Given data:
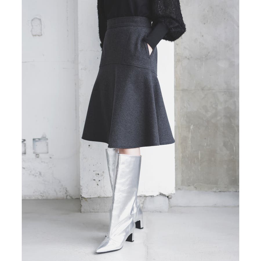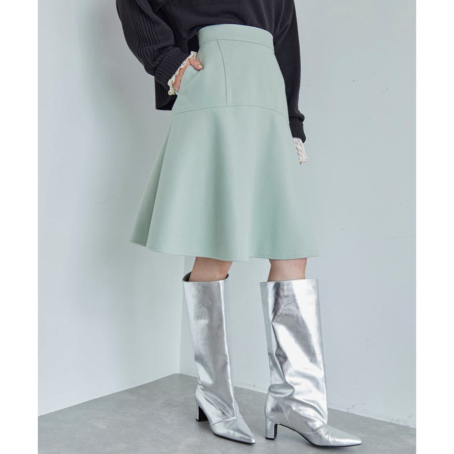 【洗える】ジャージメルトンニーレングスセミフレアスカート
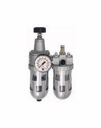 Wartungseinheit 2-tlg. Standard, PC-Behälter und Schutzkorb, BG 2, G 3/8, Eingangsdruck max. 16 bar, Regelbereich 0,5 - 10 bar. Zweiteilige Wartungseinheiten, bestehend aus einem vordruckunabhängigen, rücksteuerbaren Membrandruckregler mit Sekundärentlüftung in Verbindung mit einem Zentrifugalabscheider und einem Proportionalöler.
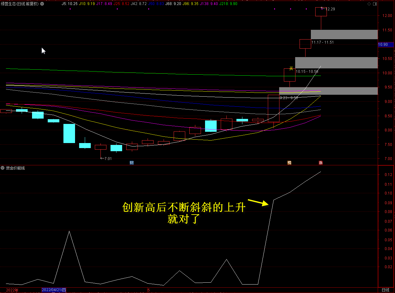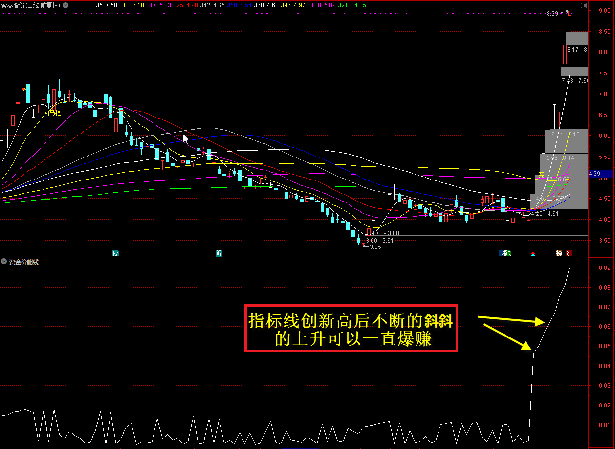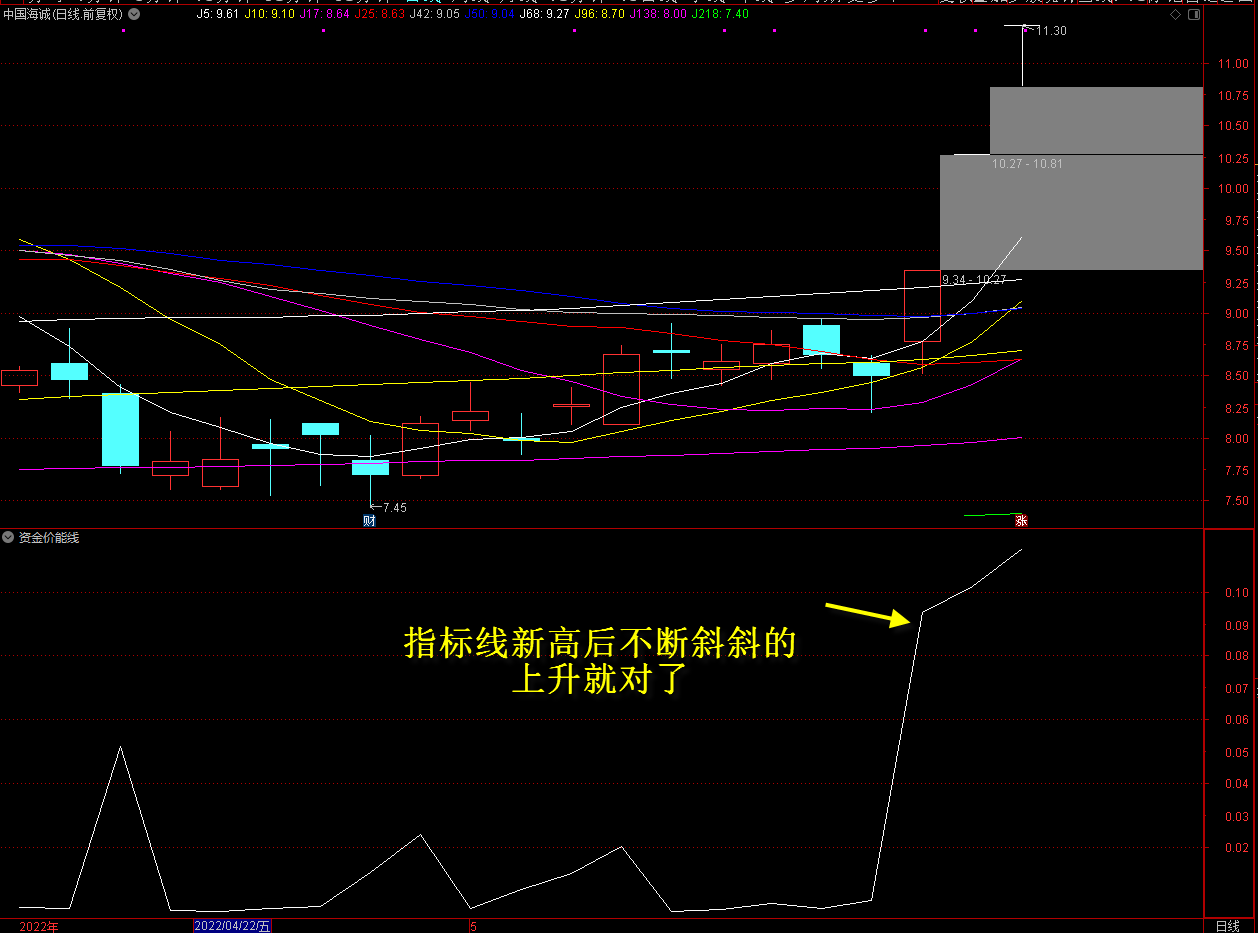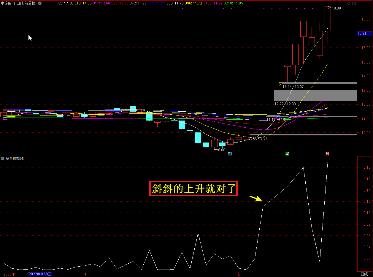 资金价能线创新高后,指标成45°∠向上爬升;斜斜的向上证明股票的坚挺、强劲;
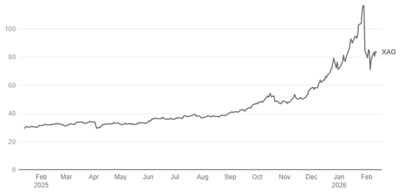Harga perak (XAG) di pasar spot pada penutupan perdagangan Kamis (12/2/2026), turun 10,55% di level US$75,16 per troy ons. Penurunan tersebut terburuk dalam satu minggu.
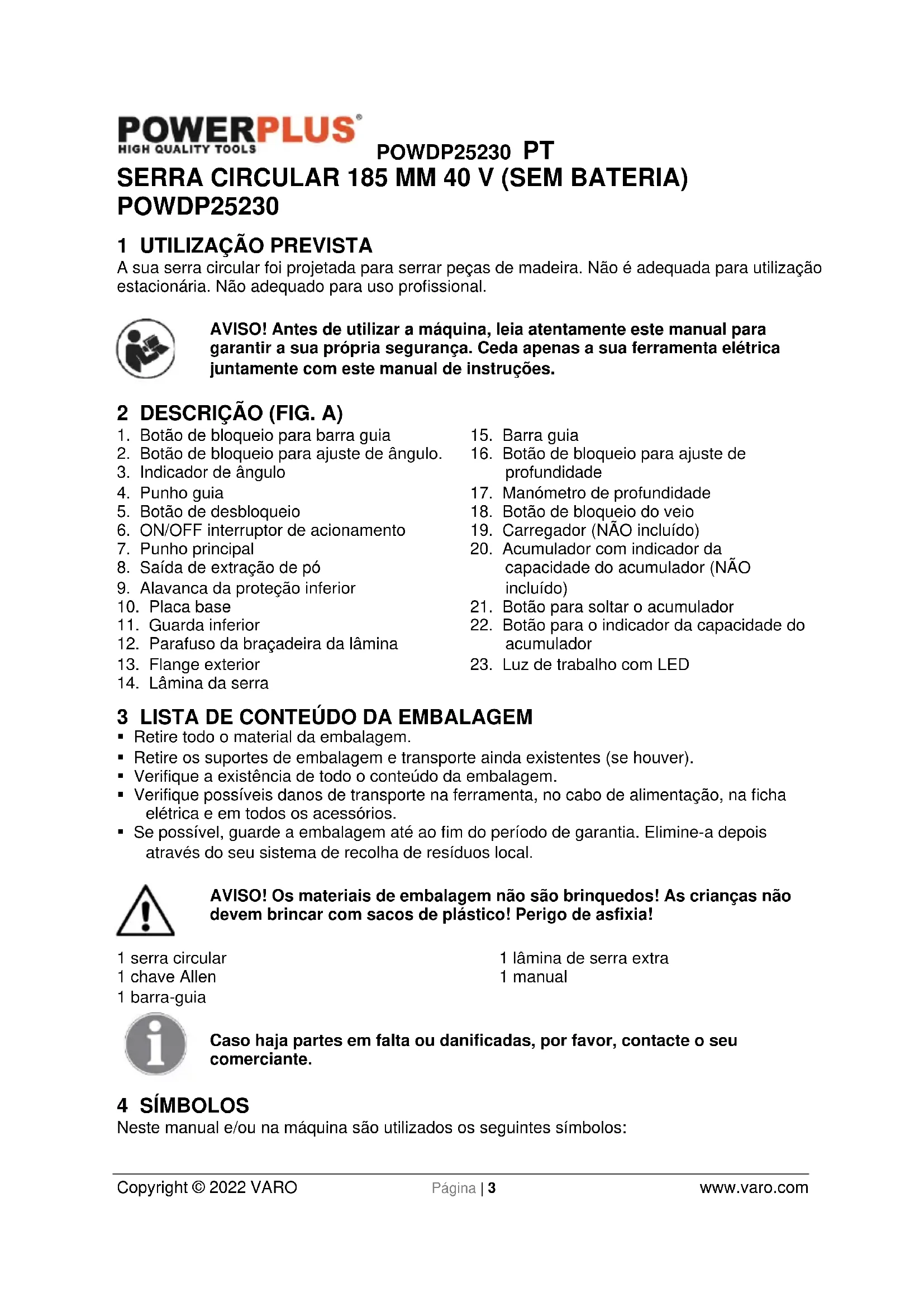 - Se possível, guarde a embalagem até ao fim do período de garantia. Elimine-a depois através do seu sistema de recolha de resíduos local. AVISO! Os materiais de embalagem não são brinquedos! As crianças não devem brincar com sacos de plástico! Perigo de asfixia! 1 serra circular 1 chave Allen 1 barra-guia 1 lâmina de serra extra 1 manual Caso haja partes em falta ou danificadas, por favor, contacte o seu comerciante. 4 SÍMBOLOS Neste manual e/ou na máquina são utilizados os seguintes símbolos:POWDP25230 PT Copyright © 2022 VARO Página | 4 www.varo.com
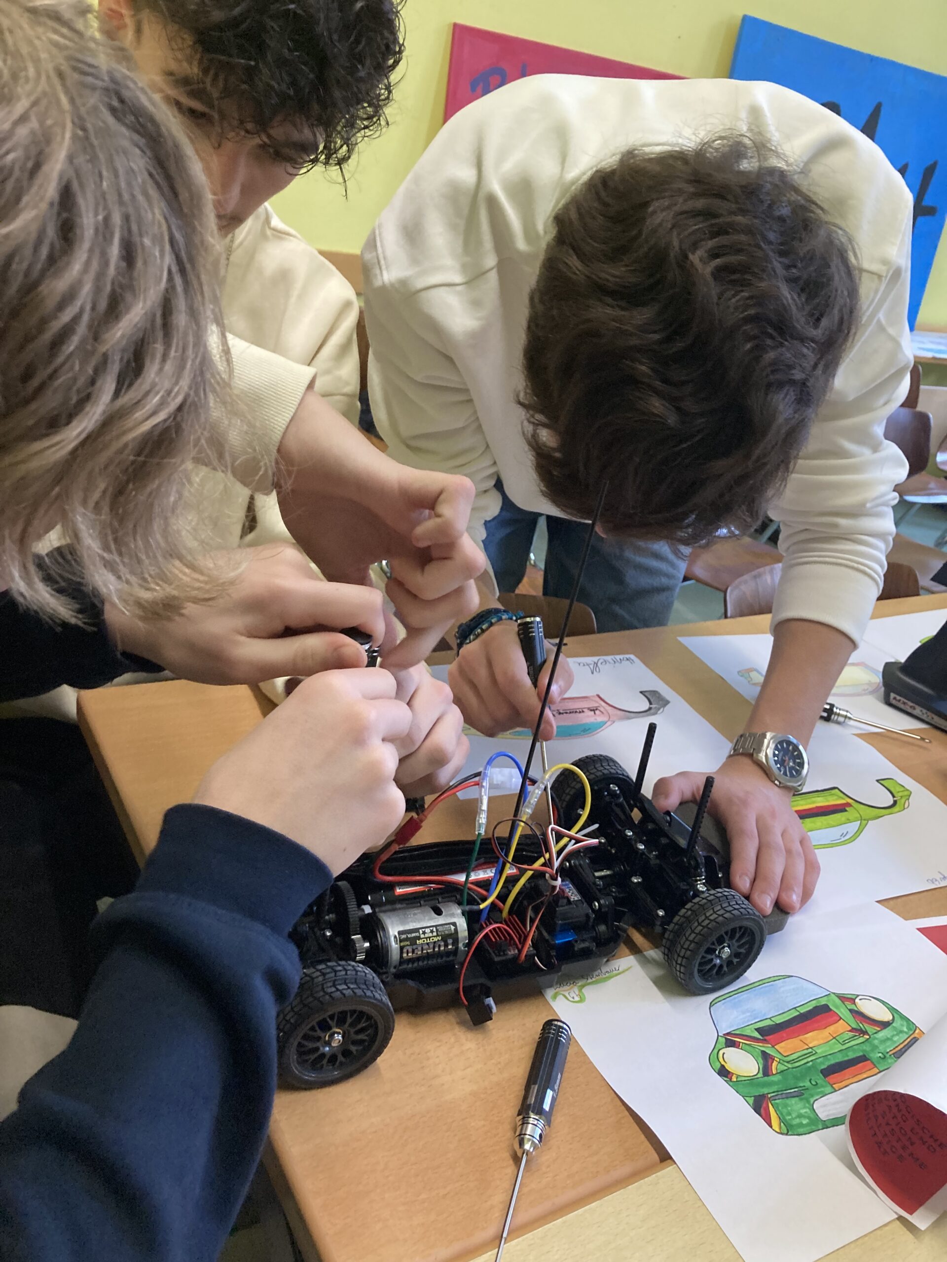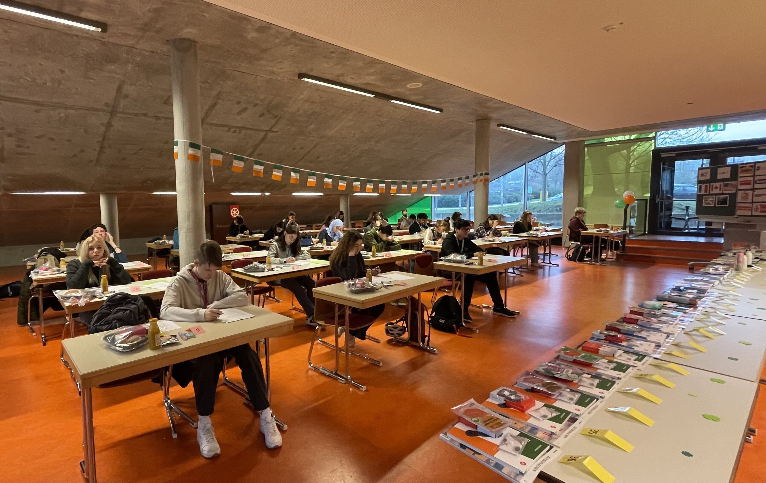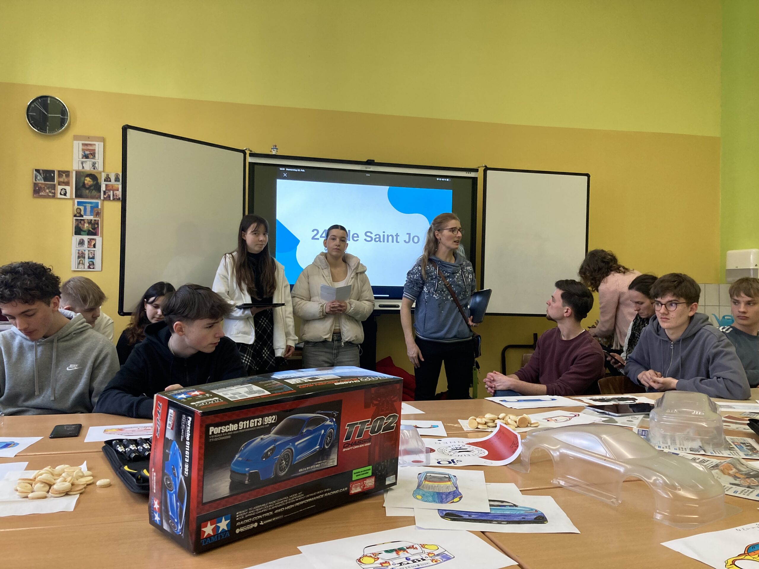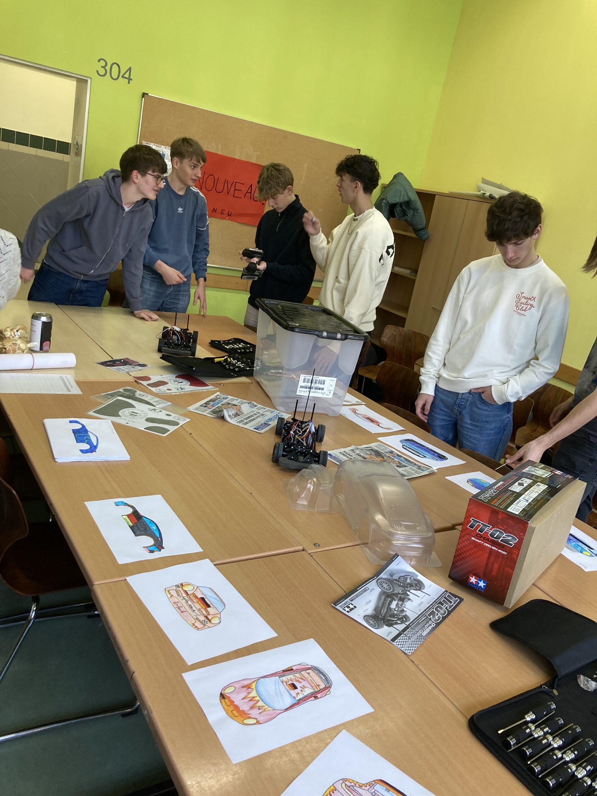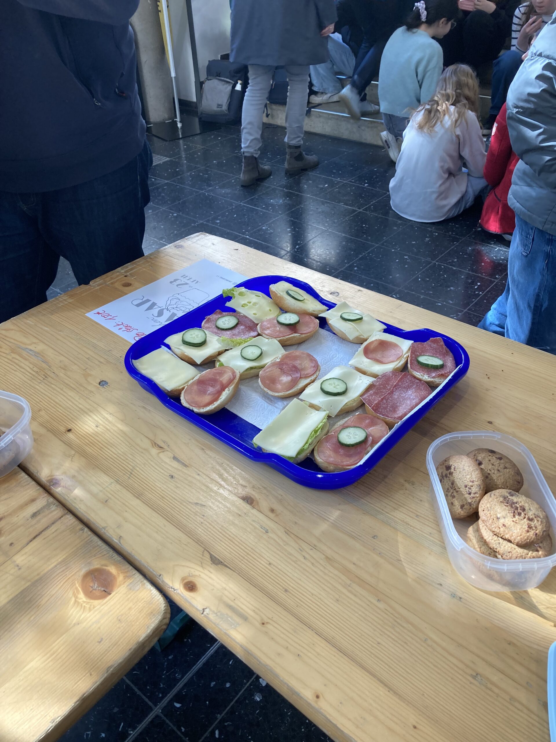 Am Montag sind wir wieder früh aufgestanden – um 5:30 Uhr. Zum Frühstück gab es nur schwarzen Kaffee, da unsere Gastfamilie selbst nicht mitgefrühstückt hat, was für Franzosen wohl üblich ist. Nach einer 30-minütigen, kurvigen Fahrt sind wir am Lycee angekommen und haben uns mit den anderen deutschen Schülern und ihren Austauschpartnern getroffen. In der Aula haben uns französische Schüler einen englischen Vortrag über Boulogne gehalten, danach gab es eine Campustour, bei der wir die Schule kennengelernt haben. Wir haben auch zwei Stunden Geographie und Geschichte besucht – im Vergleich zum deutschen Unterricht war alles langsamer und sehr analog. Zum Mittagessen gab es in der Kantine ein buntes Buffet mit viel Auswahl. Am Nachmittag sind wir mit Reiner, unserem Busfahrer, zum Strand gefahren, wo wir Teambuilding-Spiele gemacht haben. Als Überraschung haben die Lehrer uns deutsche und französische Süßigkeiten mitgebracht. Abends sind wir wieder in unsere Gastfamilien zurückgekehrt, haben den Tag reflektiert und gemeinsam zu Abend gegessen.

Assignment: Beginning at the first line of the listing, print each line exactly until and including the one that has "资金价能线创新高后,指标成45°∠向上爬升;斜斜的向上证明股票的坚挺、强劲;"; skip pictures.

Solution for this task:
 【洗える】ジャージメルトンニーレングスセミフレアスカート
 Wartungseinheit 2-tlg. Standard, PC-Behälter und Schutzkorb, BG 2, G 3/8, Eingangsdruck max. 16 bar, Regelbereich 0,5 - 10 bar. Zweiteilige Wartungseinheiten, bestehend aus einem vordruckunabhängigen, rücksteuerbaren Membrandruckregler mit Sekundärentlüftung in Verbindung mit einem Zentrifugalabscheider und einem Proportionalöler.
 资金价能线创新高后,指标成45°∠向上爬升;斜斜的向上证明股票的坚挺、强劲;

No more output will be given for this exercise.